Data provided:
════════════════════
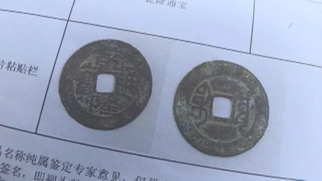 他的寶貝是一枚“乾隆通寶”錢幣
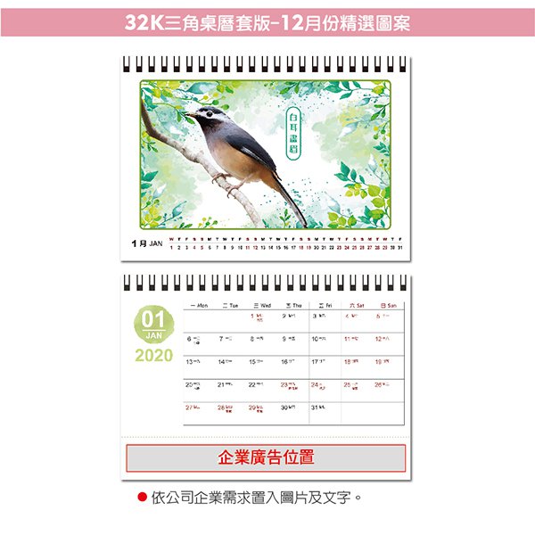 32K桌曆-台灣原生鳥類快速模板推薦-三角桌曆套版少量印刷禮贈品客製化
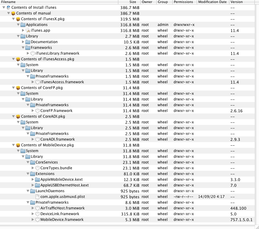 例えば iTunes 11.4 のインストーラを展開するとこんな感じ (古いバージョンですみません...)
════════════════════
Task instructions: Reproduce the material exactly; keep pictures out.

Exercise answer:
 他的寶貝是一枚“乾隆通寶”錢幣
 32K桌曆-台灣原生鳥類快速模板推薦-三角桌曆套版少量印刷禮贈品客製化
 例えば iTunes 11.4 のインストーラを展開するとこんな感じ (古いバージョンですみません...)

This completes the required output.